[TASK]: Word for word, copy the data that follows and skip its pictures.

[DATA PROVIDED]:

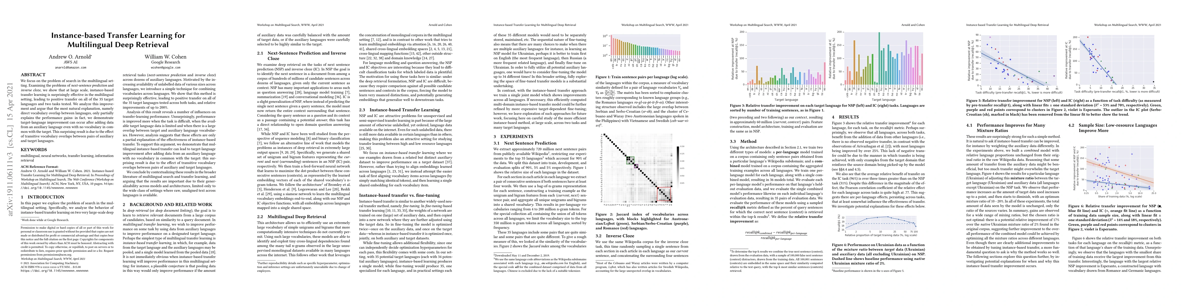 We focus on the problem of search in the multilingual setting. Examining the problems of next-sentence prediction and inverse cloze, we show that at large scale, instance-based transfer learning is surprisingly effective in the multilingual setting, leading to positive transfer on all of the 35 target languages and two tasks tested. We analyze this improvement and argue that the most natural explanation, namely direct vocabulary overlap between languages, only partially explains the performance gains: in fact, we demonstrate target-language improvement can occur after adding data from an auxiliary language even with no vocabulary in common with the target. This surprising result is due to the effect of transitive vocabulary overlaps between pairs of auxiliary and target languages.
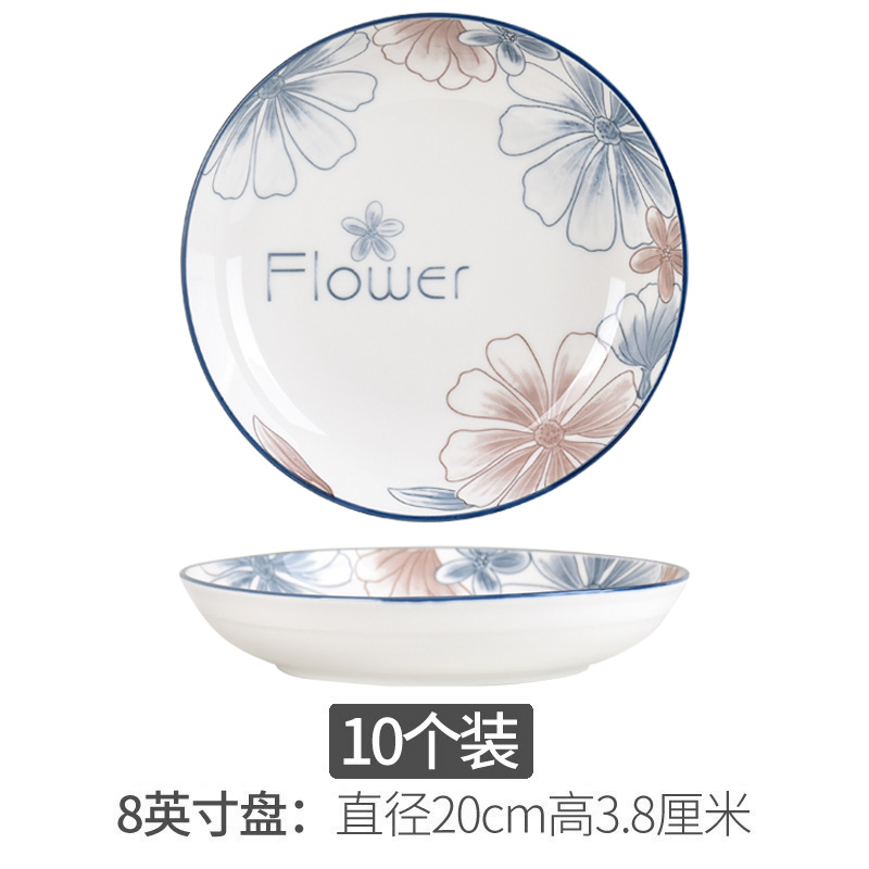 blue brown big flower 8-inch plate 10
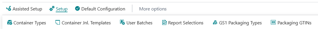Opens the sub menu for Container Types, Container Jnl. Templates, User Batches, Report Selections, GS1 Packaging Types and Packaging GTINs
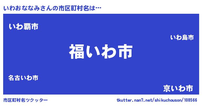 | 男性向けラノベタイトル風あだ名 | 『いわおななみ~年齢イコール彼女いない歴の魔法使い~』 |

[OUTPUT OF THE EXERCISE]:
 We focus on the problem of search in the multilingual setting. Examining the problems of next-sentence prediction and inverse cloze, we show that at large scale, instance-based transfer learning is surprisingly effective in the multilingual setting, leading to positive transfer on all of the 35 target languages and two tasks tested. We analyze this improvement and argue that the most natural explanation, namely direct vocabulary overlap between languages, only partially explains the performance gains: in fact, we demonstrate target-language improvement can occur after adding data from an auxiliary language even with no vocabulary in common with the target. This surprising result is due to the effect of transitive vocabulary overlaps between pairs of auxiliary and target languages.
 blue brown big flower 8-inch plate 10
Opens the sub menu for Container Types, Container Jnl. Templates, User Batches, Report Selections, GS1 Packaging Types and Packaging GTINs
 | 男性向けラノベタイトル風あだ名 | 『いわおななみ~年齢イコール彼女いない歴の魔法使い~』 |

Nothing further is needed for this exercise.